The second situation was a face-to-face session. The man had been deployed to Afghanistan and had written a personal narrative in the form of a letter to his wife. The material for the essay had come out of his personal journal from when he was overseas. As I began to read through, I started the feel the heavy emotions associated with war. There was a lot of fear in the paper: fear for one’s safety, fear for one’s possessions, fear for one’s sanity, and fear for one’s life. I could not help but be moved by the harsh experiences he had gone through. I could tell that he was also very emotionally attached to his paper by the way he sighed and explained to me the different aspects of the story that I found to be unclear. In this session, I found the same method of going back to what I know to be helpful. I got involved in the phrasing of sentences rather than the actual meaning and emotions behind those sentences. My strategy helped and the session ended pretty successfully, mainly because the student was a really descriptive writer and he just needed someone else to read his work to him so that he could hear his mistakes and confusing phrases and correct them in his own way.

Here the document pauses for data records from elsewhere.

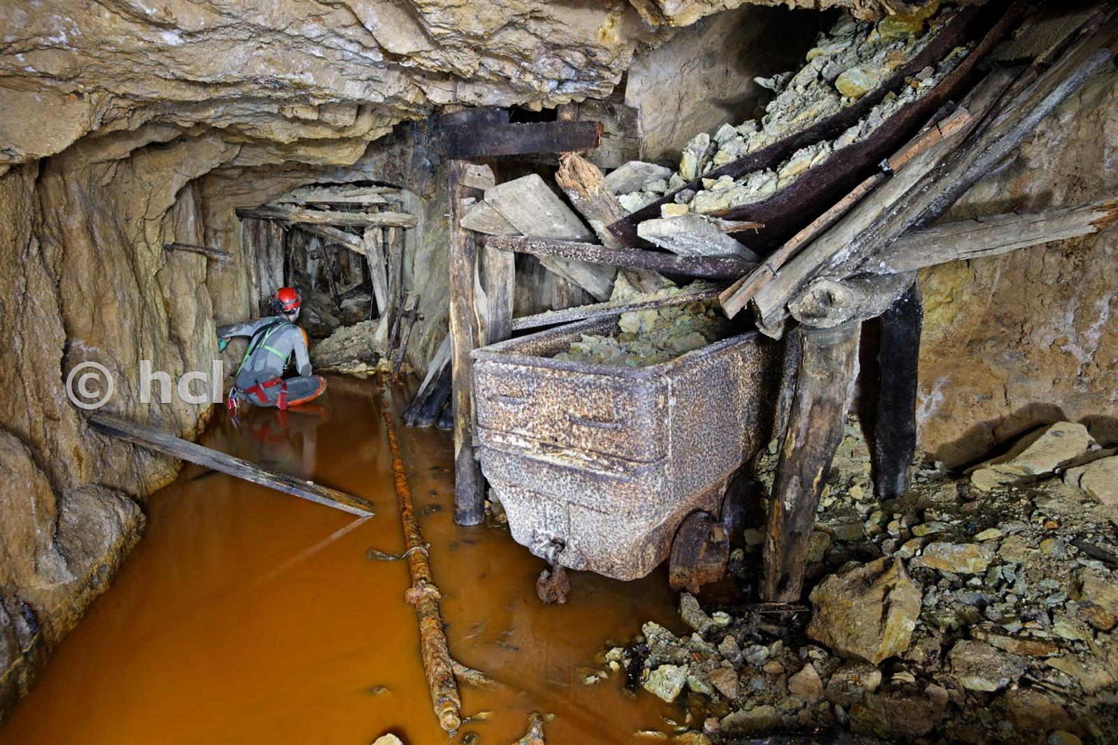 Ore chute and mine cart
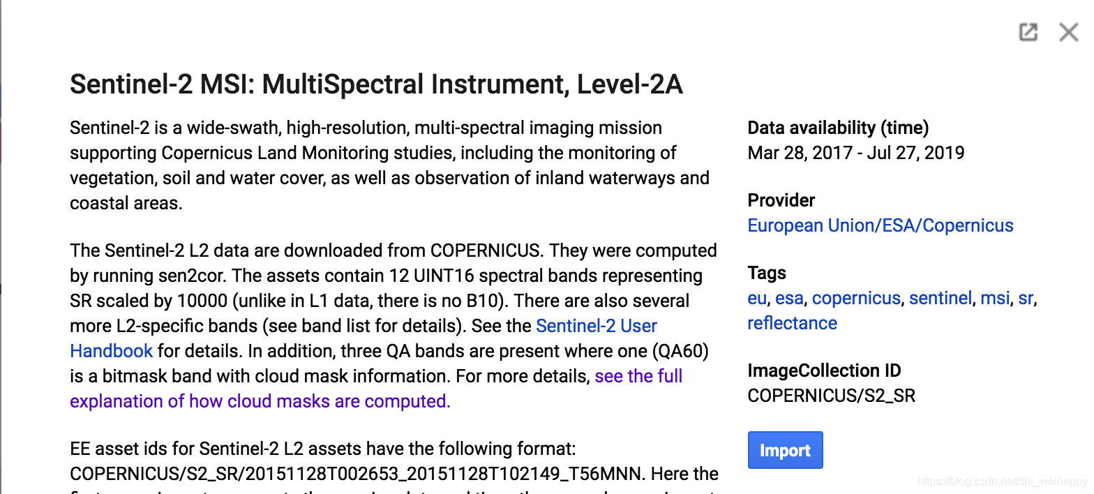 依次点开查看,我们发现Level-2A就是我们想要找的数据。遇到我们不熟悉的数据我们要善于利用搜索,包括GEE内部的搜索还是Google搜索等。
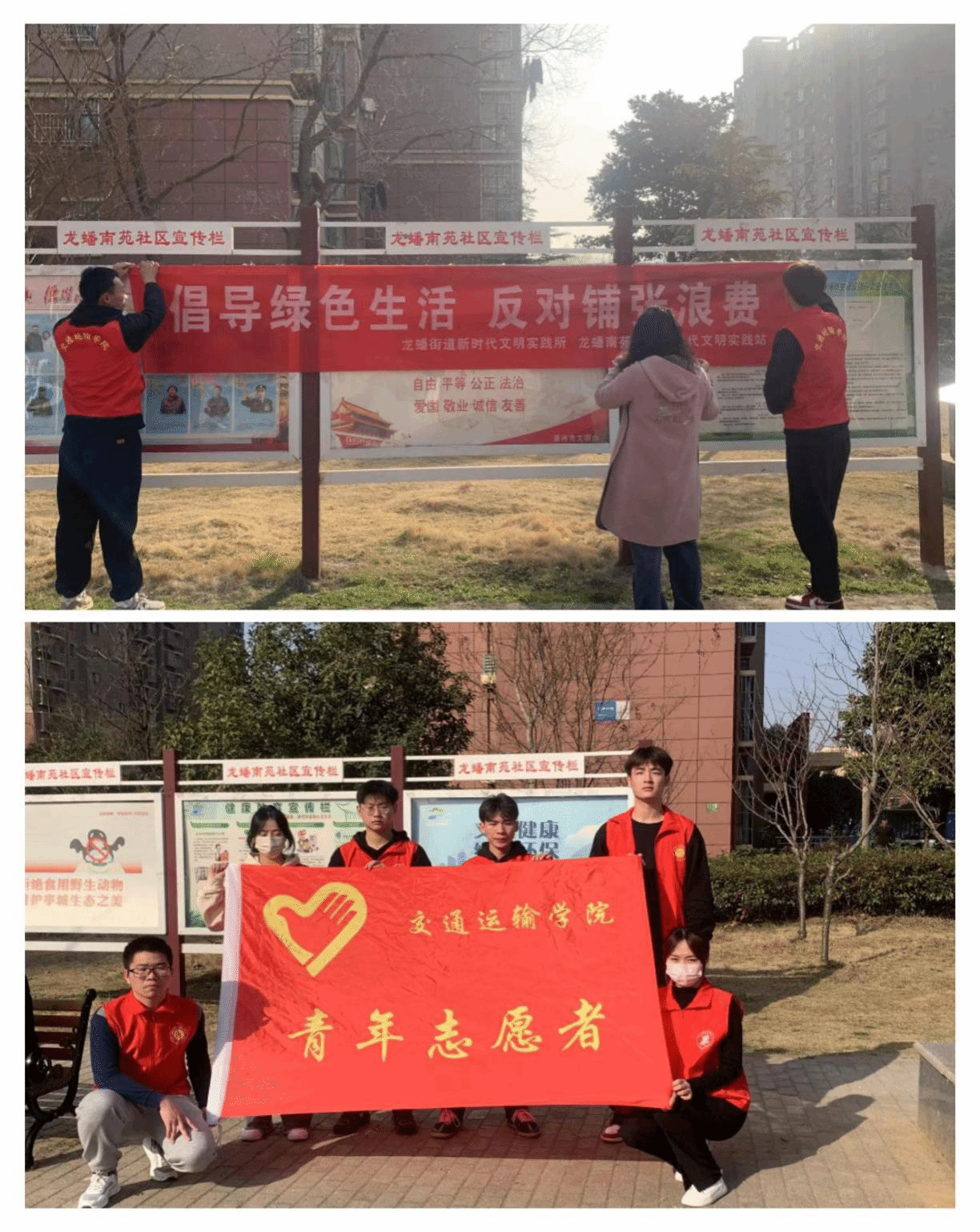 为了进一步增强人民群众交通安全法规意识,,倡导绿色、低碳、文明的出行理念。3月6日,交通运输学院组织志愿者走进龙蟠社区开展“绿色生活、文明交通”宣教活动。
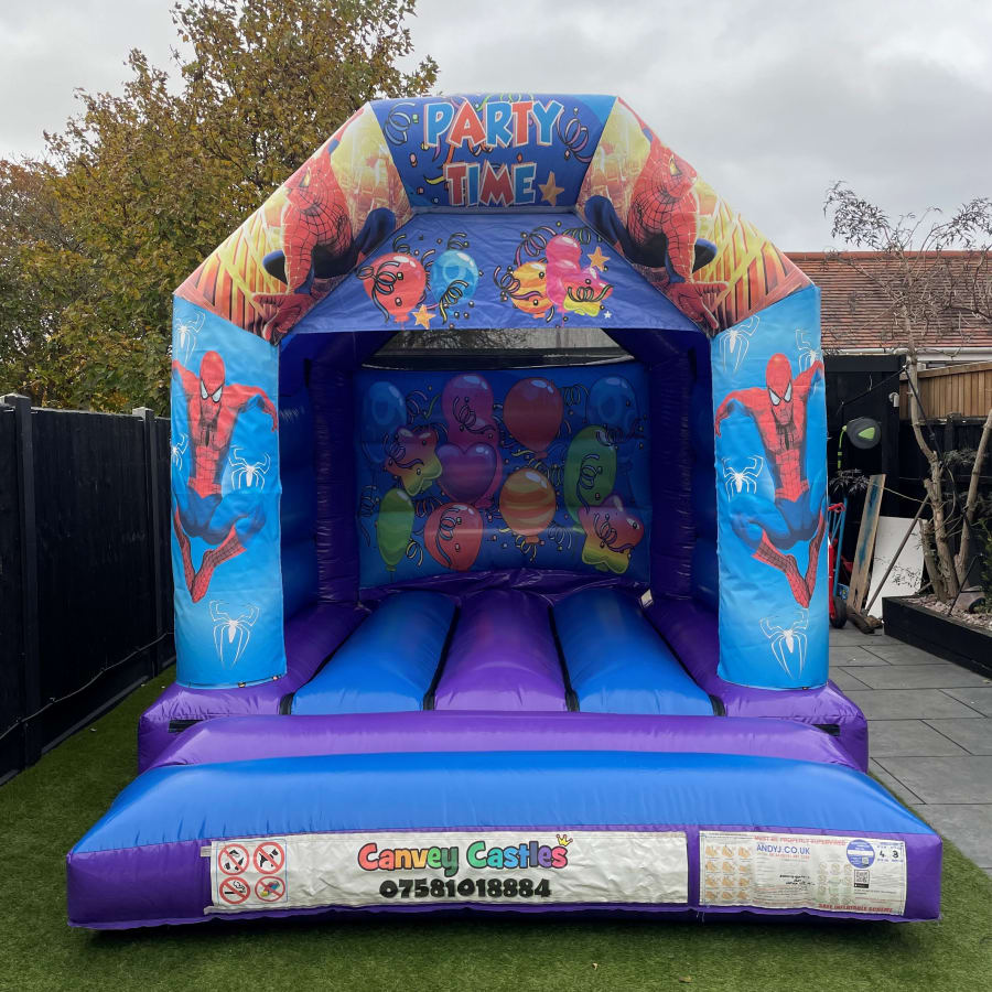 10ft x 12ft Blue and Purple Spider-Man Bouncy Castle in Essex
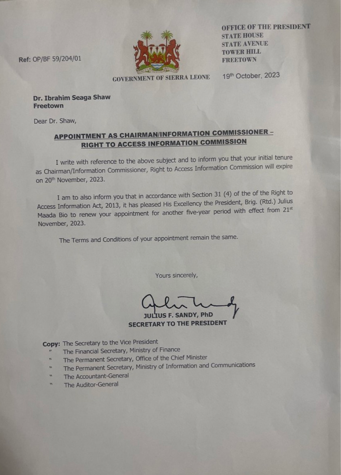 Dr. Shaw conveyed his appreciation, stating, “Today I received my letter of appointment by President Bio as Chairman/Information Commissioner for another five years effective 21st November 2023. I would like to thank the President for the confidence reposed in me and I promise to do more in delivering my mandate.”
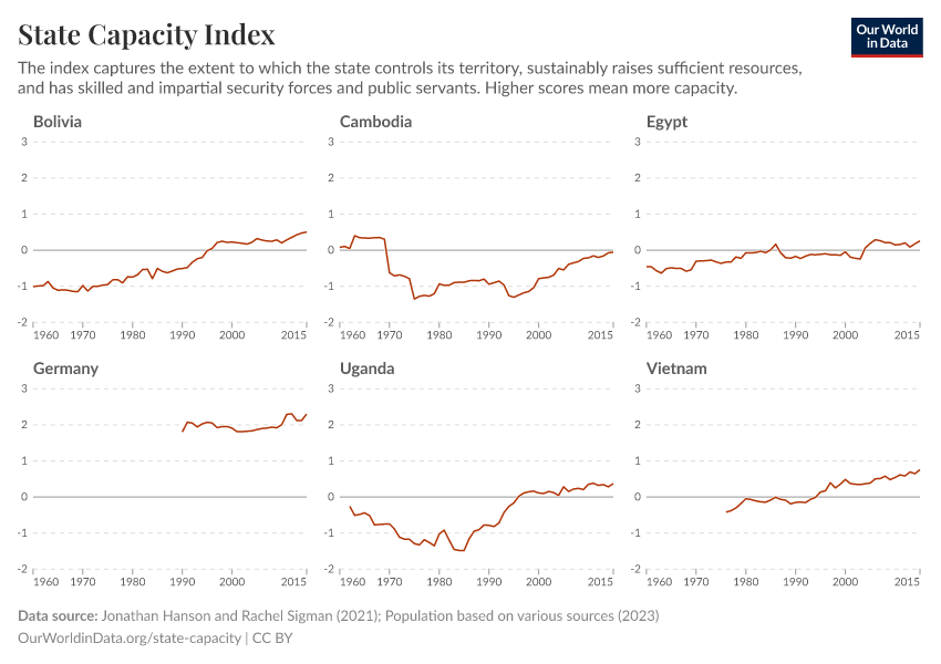 Bastian Herre and Pablo Arriagada (2023) - “State Capacity” Published online at OurWorldinData.org. Retrieved from: 'https://chrome-plugin.owid.pages.dev/state-capacity' [Online Resource]BibTeX citation
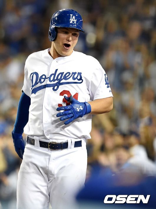2회말 다저스 공격 1사 만루 상황 작 피더슨이 중월 그랜드 슬램을 터트리고 홈을 밟은 뒤 동료들과 환호하며 기뻐하고 있다.
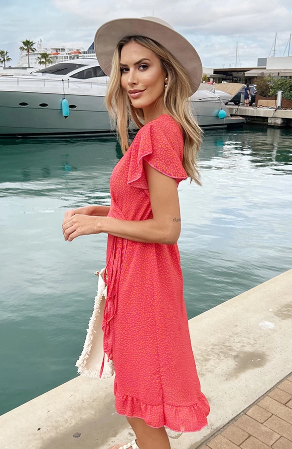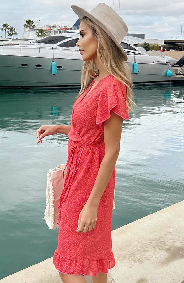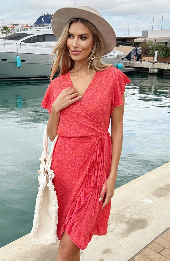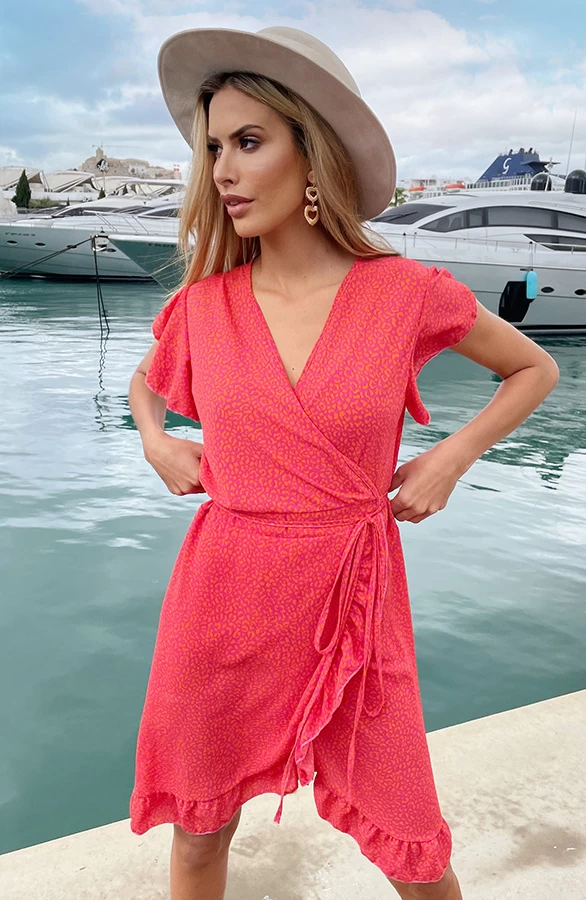 Product: Oh-my! Dit té gekke jurkje met leopard print vliegt de shop uit! Het overslag jurkje is voorzien van korte mouwen, een v-hals en een lint om te strikken.
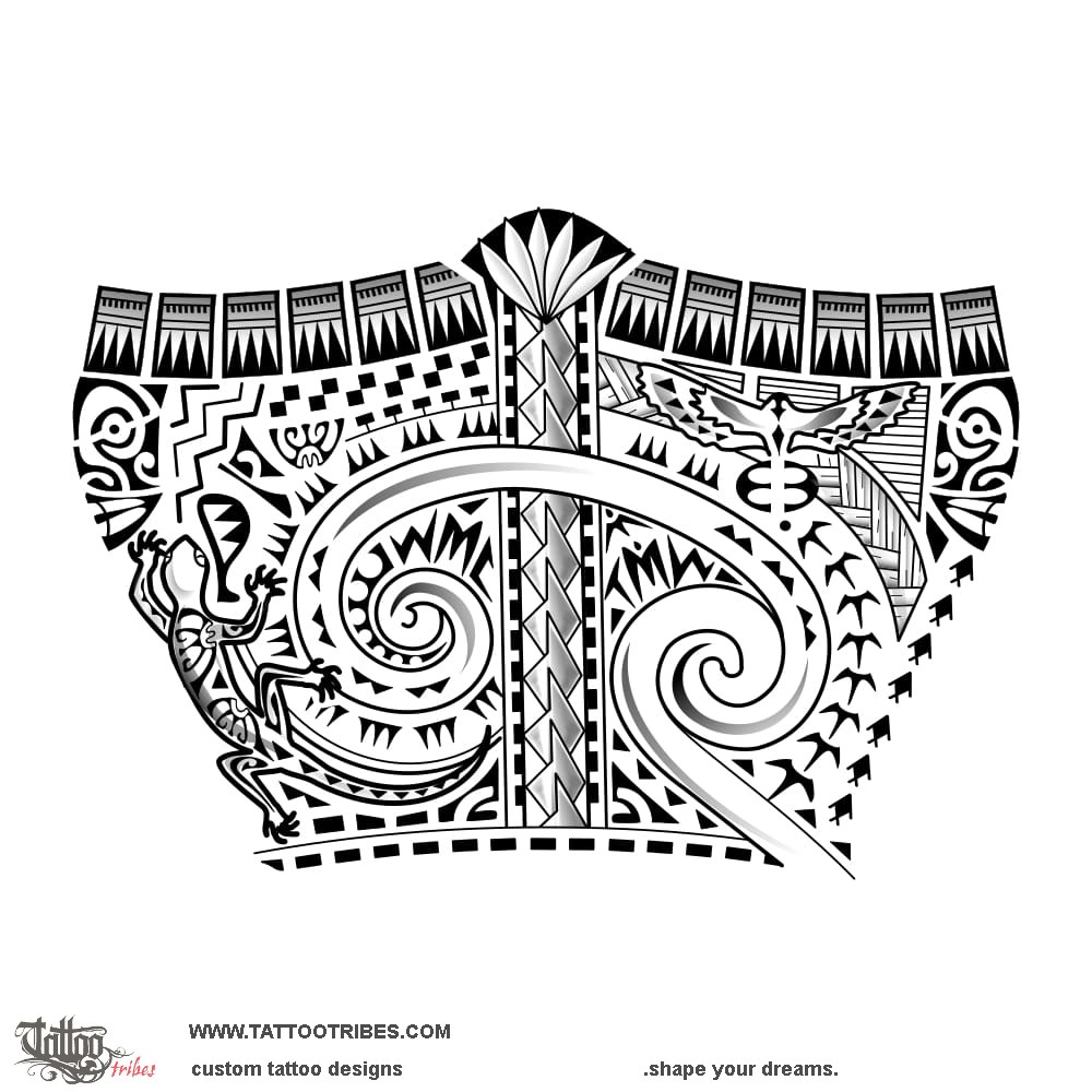 The lizard and the two tiki on the sides protect family, while the path to knowledge, the adze, and the mere represent the values they teach to their son: honor and respect, skills and creativity, and service supporting people through their challenges (the path of Kamehameha).
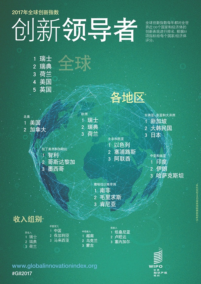 由康奈爾大學(xué)、英士國際商學(xué)院(INSEAD)和世界知識產(chǎn)權(quán)組織(產(chǎn)權(quán)組織)合編的2017年全球創(chuàng)新指數(shù)顯示,瑞士、瑞典、荷蘭、美國和英國是世界上最具創(chuàng)新力的國家,而包括印度、肯尼亞和越南在內(nèi)的若干國家的表現(xiàn)則優(yōu)于發(fā)展水平相當?shù)耐瑑?/strong>。2017年,瑞士連續(xù)第七年位列榜首,除排名第22位的中國之外,前25名中的24個都是高收入經(jīng)濟體。2016年,中國首次成為進入前25名的中等收入經(jīng)濟體。亞太地區(qū),排在中國之前的經(jīng)濟體分別是新加坡(全球第7),韓國(全球第11),日本(全球第14),和香港(全球第16)。(美通社,2017年6月15日日內(nèi)瓦)
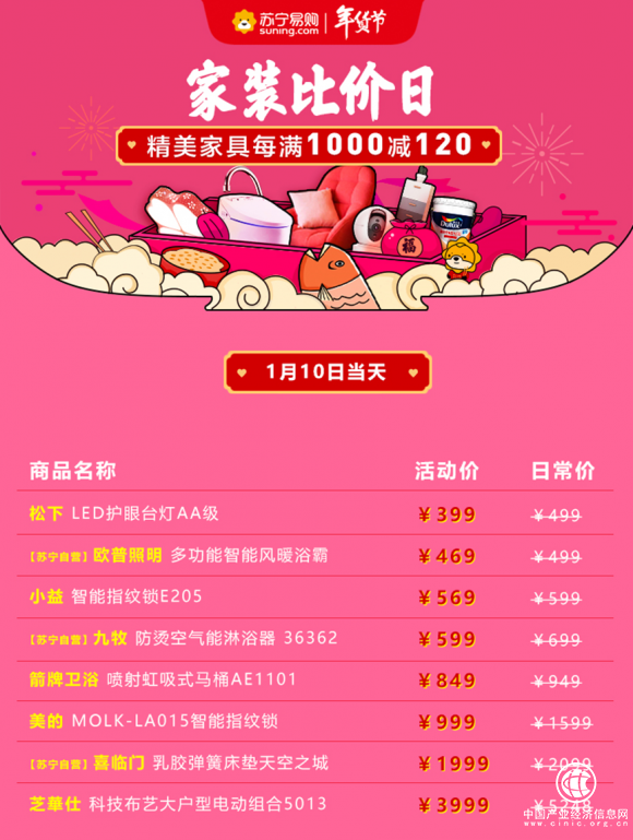 據(jù)悉,1月10日的家裝比價(jià)日還將有更多經(jīng)濟(jì)適用好物。延續(xù)今年家裝比價(jià)日“7項(xiàng)宣言”:蘇寧自營大件家裝產(chǎn)品配件全含、0安裝費(fèi);物流方面,一周內(nèi)可免費(fèi)預(yù)約配送時(shí)間,部分城市可以在發(fā)貨后半日達(dá)。此外,春節(jié)“不打烊”,自營部分家裝產(chǎn)品準(zhǔn)時(shí)送達(dá)。

Thankfully, I have not had any tutees yet who I found to be overly emotional (No crying or any of that business), but I have read many papers thus far that have a large emotional charge. I know that all writing requires some emotion, but I am glad these students were willing to share out of their hearts and lives. I love that a piece of the student can be put into the work. However, as a tutor, I need to find a balance between empathy in my heart and a clear mind for the session.